По дороге домой, то есть в Штуттгарт, мы с г-ном Веллером заехали перекусить в

Enz-Weihingen – очередной аппетитный городок с колокольным звоном, вывесками под старину, улыбчивыми домиками и цветами повсюду. В крохотном кафе репродукция Рембранта из собрания Dahlem-Museum в широченной золоченой раме – портрет в золотом шлеме. Мебель в стиле рококо – белые с золотом деревянные завитушки, пастушеские сцены на штофе. Великолепные высокие торты в витрине. Короче, «роскошь» – любезная всякому детскому сердцу эклектика, которая, признаюсь, и для меня делает Германию такой родной и домашней. Уж если вам подают в подобном заведении мороженое, то непременно вставят в верхний кугель какую-нибудь игрушку – пестрый бумажный зонтик, например, и еще, и еще, и еще что-нибудь, чтобы подающий и поедающий мороженое могли вместе пережить материализованное в этих шуточных предметах изобилие жизни, взаимную радость встречи и всяческое благопожелание. Какой Фауст? Какой Мефистофель? Здесь в каждом куске торта, в каждой вазочке с мороженым готова расцвести добротная немецкая сказка, готов произойти небольшой волшебный театрик – под этим солнцем, среди этих цветов, в тени этой колокольни.

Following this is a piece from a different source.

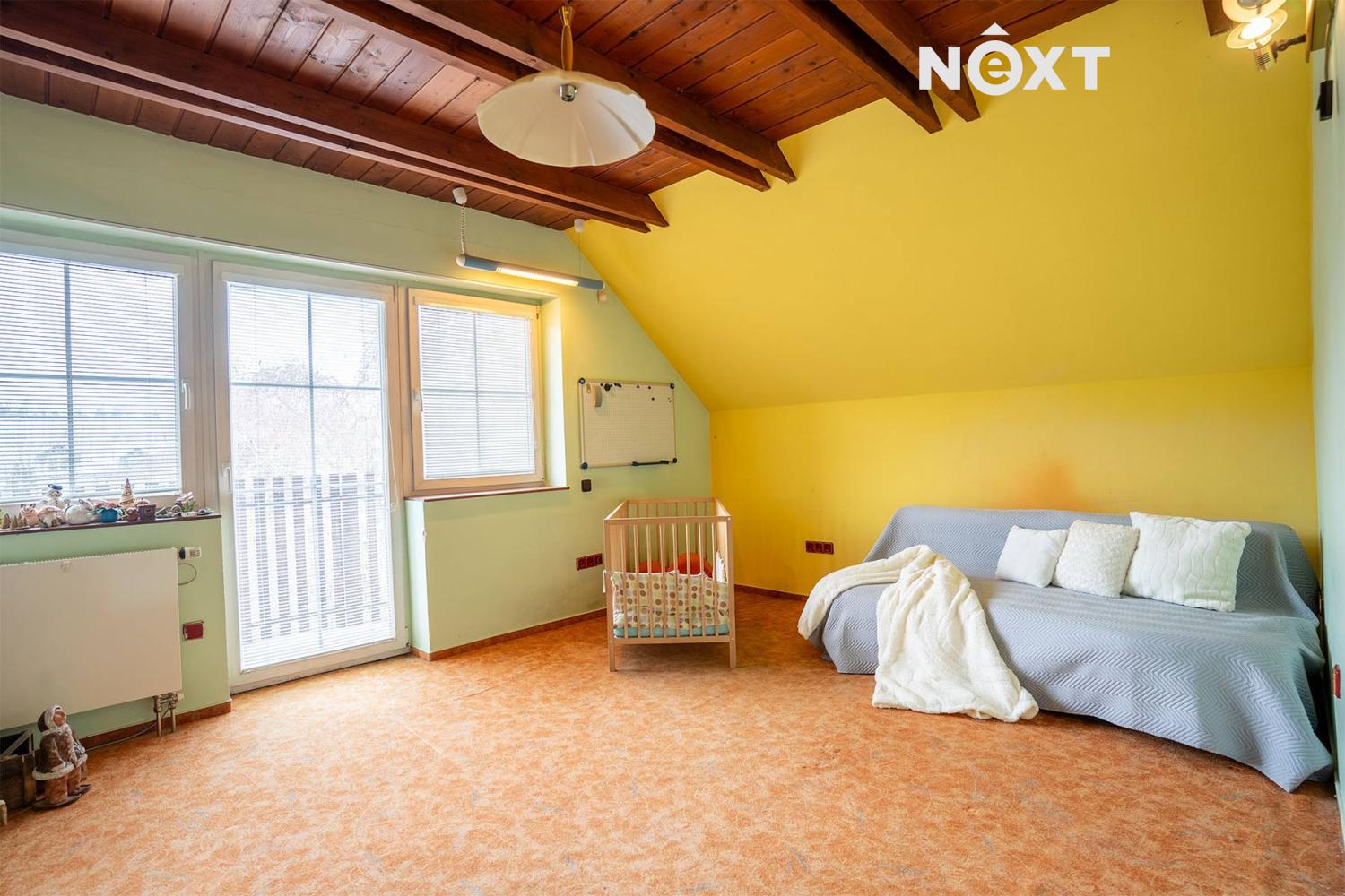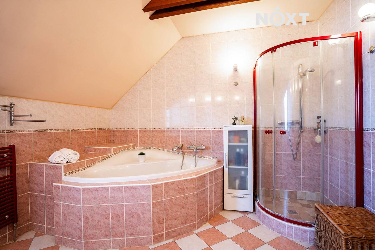 Z haly vystoupáte po točitém schodišti do patra, kde jsou 3 ložnice a druhá koupelna s rohovou vanou a sprchou i samostatné WC. V patře jsou také dvě komory.

Мы направлялись к машине, когда испуганный черный кот снова вывернулся из-за угла, чтобы планомерно напомнить мне сперва о пуделе, потом о Фаусте. А вроде, мы уже уехали из Книттлингена?

Как же все-таки быть с этим Фаустом? Я узнала, как много великих и невеликих мужей думало о нем, примеряло его к себе, но о нем самом я не узнала, собственно, ничего, и никакая тайна мне не открылась. Или открылась?

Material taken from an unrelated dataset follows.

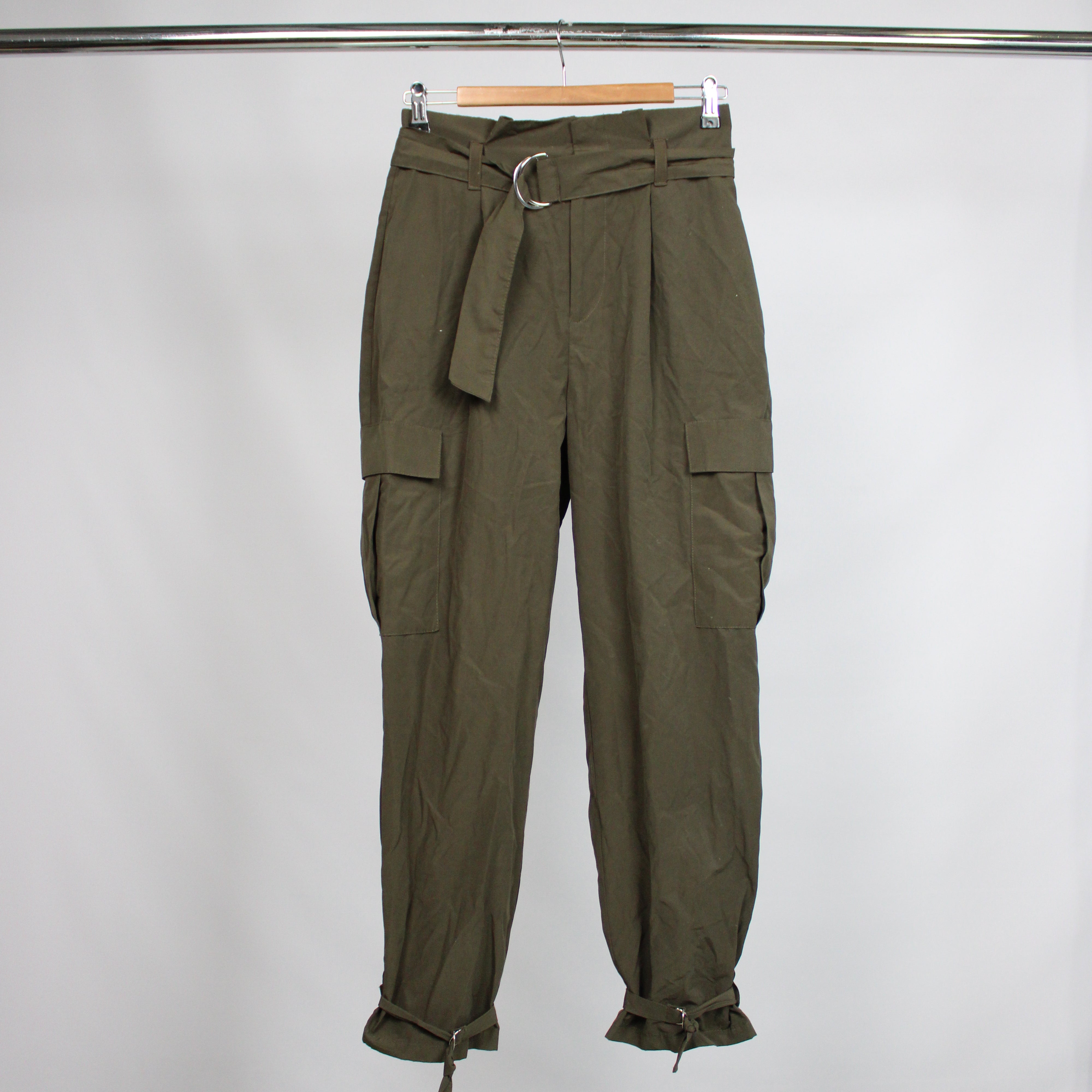 Zara Khaki Belted Cargo Pants

Когда-то Фрейд в своей работе о Леонардо обронил странное замечание о Фаусте, сказав, что предпосылкой его трагедии была «возможность превратить стремление к исследованию в любовь к жизни». Мое паломничество в Книттлинген началось со схоластической идеи: исследовав место жительства Фауста, разгадать причину его бессмертия. Кончается же все весенней истомой, любовью к Германии и поисками собственного детства в вазочке с мороженым. По Фрейду выходит, я, действительно, шла по стопам Фауста – не внешне, но внутренне. Значит, все-таки что-то получилось?

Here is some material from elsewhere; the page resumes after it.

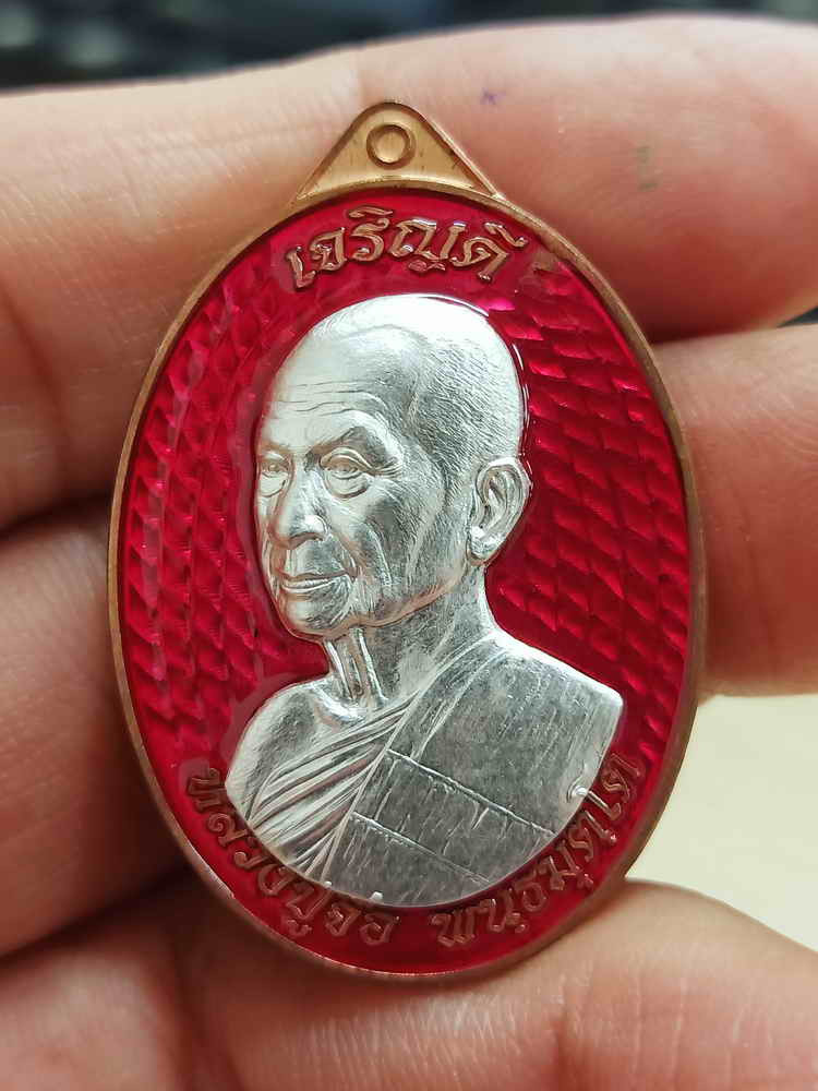 แบ่งปัน..เหรียญ ๙ นะเทพยินดี (เนื้อเงินลงยาแดง) หลวงปู่คำบุ วัดกุดชมภู จ.อุบล หมายเลข ๙๘ สร้าง ๒๙๙ เหรียญ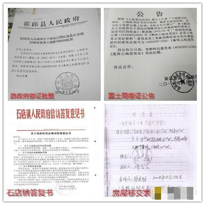 令人更加不可思议的是:在2013年霍邱县S343霍陈路改建工程中,韩彦传家庭上述位于路北、路南的土地被占用,但土地赔偿款却被梁昌华凭借虚假的建设用地使用证领取,韩彦传为此进行了信访维权。石店镇政府2015年给韩彦传出具的“石信【2015】6号《关于韩彦传信访事项答复书》中明确答复韩彦传,“本机关认为;你原有宅基地属于你所有,承包地承包经营权属于你所有,………”

Для вас и для себя я здесь пыталась остановить несколько мгновений на память, потому что – ведь в том и трагедия – стоит только сблизиться с желанным пространством, как нас уже унесло от него временем:

Ach, du lieber Augustin,

Alles ist weg, weg, weg!

Три страницы. Осень 1993

24.09      

В проем больничного окна

В сопровожденьи листопада

Явилась облака громада,

Так необъятна и одна,

И солнцем так озарена,

Что больше ничего не надо…

26.09

Сидит на древе птица,

Качаясь, перья чистит.

А я лежу в больнице,

Причесываю мысли.

Над нами ходит небо,

Очерчивая круг…

Как бесконечно немо

Всё в нас и всё вокруг!

И древу без названья

Нас с птицею качать –

Одно у всех дыханье,

Одна на всем печать.

30.09

Низких туч над мокрой крышей

Рваные края,

Та страна, что крыши выше –

Снова не моя.

В переливах бело-черных

Крылья не мои…

Мой – листа полет крученый

С ветки до земли.

01.10

Я боюсь устать,

Хотеть перестать,

От тебя отстать

И собою стать.

Я боюсь забыть,

Как тебя любить…

И нельзя не быть,

Чтобы не убить…

Я боюсь не смочь

Нам с тобой помочь…

Эти мысли прочь

Я гоню всю ночь.

02.10

Дымный луч о тени сада

Трется теплою щекой –

Что грустишь, моя отрада?

Что тоскуешь, мой покой?

Туч тяжелая армада

Бродит сумрачной рекой –

Уплыла моя отрада,

Уплывает мой покой…

Мне тебя коснуться надо

Только взглядом, не рукой –

Ты со мной, моя отрада?

Ты со мною, мой покой?

03.10

Когда, до донышка пуста,

Звенит душа, и мне невнятна

Ее полунемая речь…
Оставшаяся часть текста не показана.